The parents would generally say 5-7 for themselves, for 10-12 for their children. Kids today are overprotected, and smartphones let them retreat from the world even further. Which makes me ask: Am I retreating from the world when I use my smartphone or computer? Has the iPhone become like a helicopter parent that keeps me tied to its apron strings?

That’s a hard question to answer. Isn’t retiring a kind of retreat from the world? Doesn’t getting old make us pull back too? My sister offered a funny observation about life years ago, “We start off life in a bed in a room by ourselves with someone taking care of us, and we end up in bed in a room by ourselves with someone taking care of us.” Isn’t screen addiction only hurrying us towards that end? And will we die with our smartphones clutched tightly in our gnarled old fingers?

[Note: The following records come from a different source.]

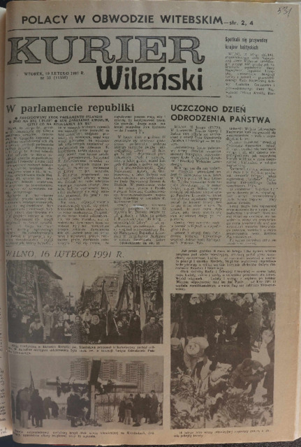 Kurier Wileński 1991 'No. 33 (11550) wtorek 19 lutego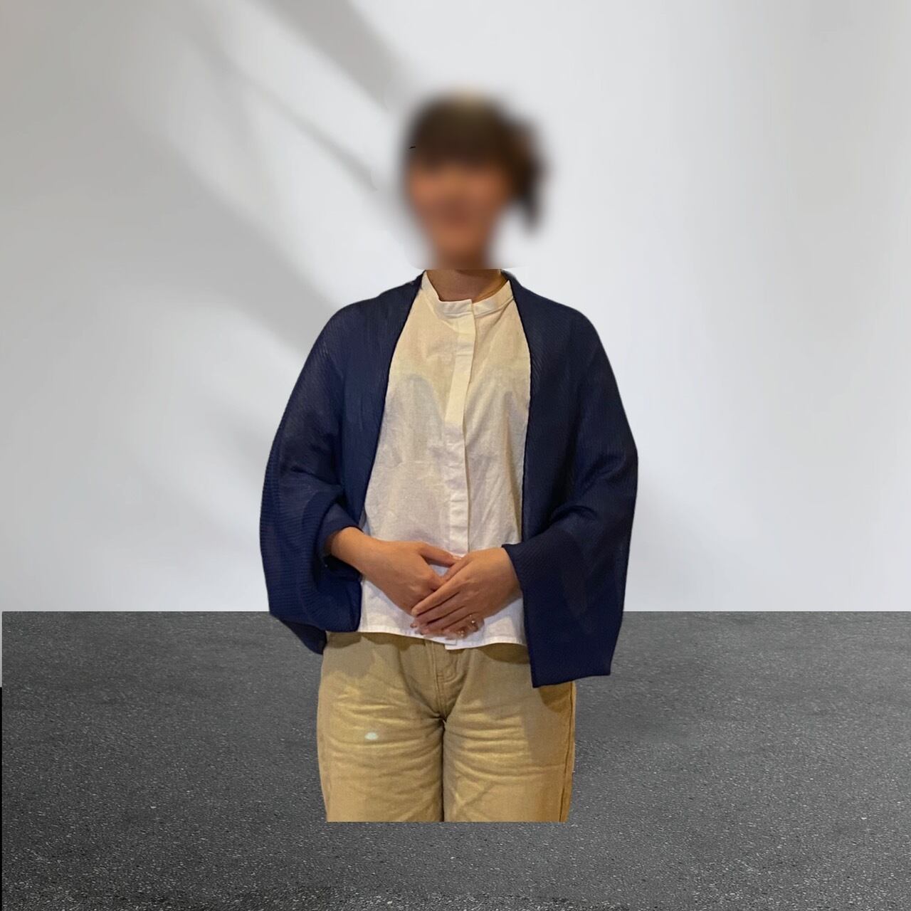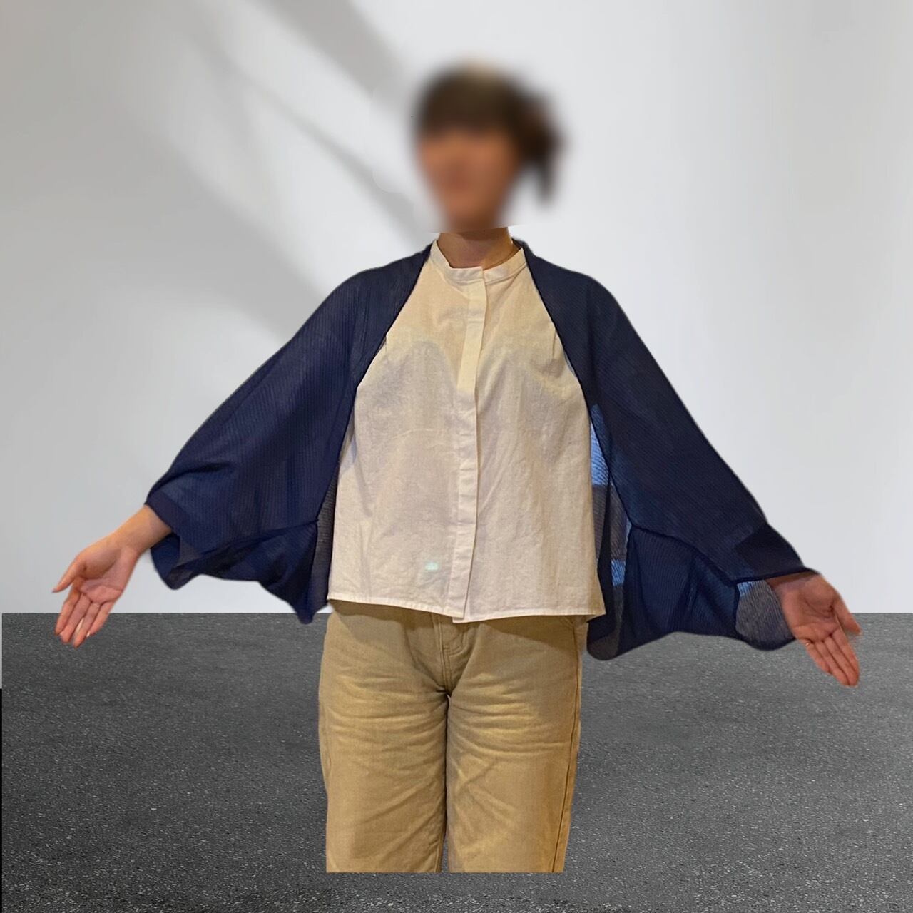 丈が長いなと感じたら、首元を重ねて衿のように着こなすのも素敵ですね。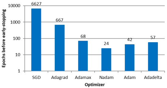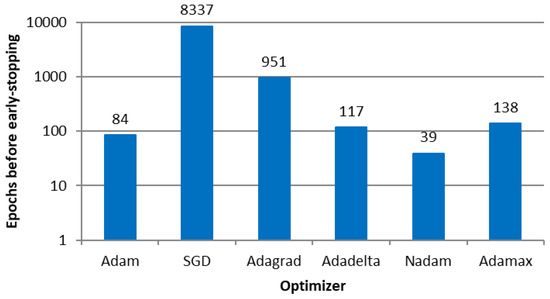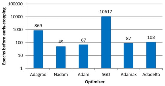 The number of epochs must be defined to avoid ANN underfitting and overfitting and to minimize the training error. The Keras environment implements an early stopping procedure, and several training algorithms are comparable regarding the epoch number required for training each neural network. Therefore, this study estimates an adequate number of epochs per optimizing algorithm in each experiment.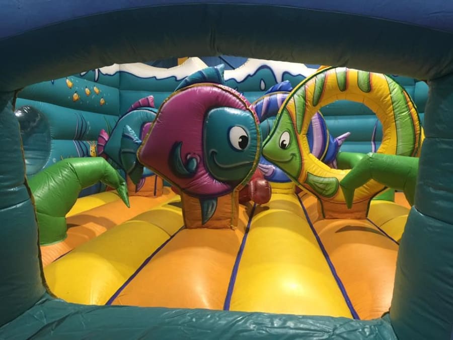 This is a fantastic large bouncy castle with different shapes inside to make playing and jumping even more fun!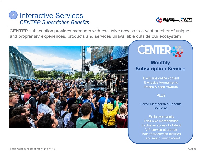 PAGE 26 © 2019 ALLIED ESPORTS ENTERTAINMENT, INC. 3 Interactive Services CENTER Subscription Benefits Monthly Subscription Service Exclusive online content Exclusive tournaments Prizes & cash rewards PLUS Tiered Membership Benefits, including Exclusive events Exclusive merchandise Exclusive access to Talent VIP service at arenas Tour of production facilities …and much, much more! CENTER subscription provides members with exclusive access to a vast number of unique and proprietary experiences, products and services unavailable outside our ecosystem

Is reading a hardback book any less real than reading the same book on my iPhone screen, or listening to it with earbuds and an iPhone? With the earbuds I can walk, work in the yard, or wash dishes while reading. Is reading The Atlantic from a printed magazine a superior experience than reading it on my iPhone with Apple News+?

Is looking at funny videos less of a life experience than playing with my cat or walking in the botanic gardens?

Haidt ends up advising parents to only allow children under sixteen to own a flip phone. He would prefer kids wait even longer to get a smartphone till they complete normal adolescent development, but he doesn’t think that will happen. I don’t think kids will ever go back to flip phones. The other day I noticed that one of the apps I had was recommended for age 4+ the App Store.

Are retired folks missing any kind of elder years of psychological development because we use smartphones? As a bookworm with a lifelong addiction to television and recorded music, how can I even know what a normal life would be like? I’m obviously not a hunter and gatherer human, or an agrarian human, or even a human adapted to industrialization. Is white collar work the new natural? Didn’t we live in nature too long ago for it to be natural anymore?

Aren’t we quickly adapting to a new hivemind way of living? Are the warnings pundits give about smartphones just identifying the side effects of evolving into a new human social structure? Is cyberization the new phase of humanity?

There were people who protested industrialization, but we didn’t reject it. Should we have? Now that there are people rejecting the hivemind, should we reject it too? Or jump in faster?

For days now I’ve been restless without my apps. I have been more active. I seeded my front lawn with mini clover and have been watering and watching it come in. I contracted to have our old bathtub replaced with a shower so it will be safer for Susan. I’ve been working with a bookseller to sell my old science fiction magazines. And I’ve been trying to walk more. However, I’ve yet to do the things I hoped to do when I decided to give up my apps.

It’s hard to tell the cause of doing less later in life. Is it aging? Is it endless distractions? Is it losing the discipline of work after retiring? Before giving up all my apps, I would recline in my La-Z-Boy and play on my iPhone regretting I wasn’t doing anything constructive. Now I sit in my La-Z-Boy doing nothing and wonder why I’m not doing anything constructive. I guess it’s taken a long time to get this lazy, so it might take just as long to overcome that laziness.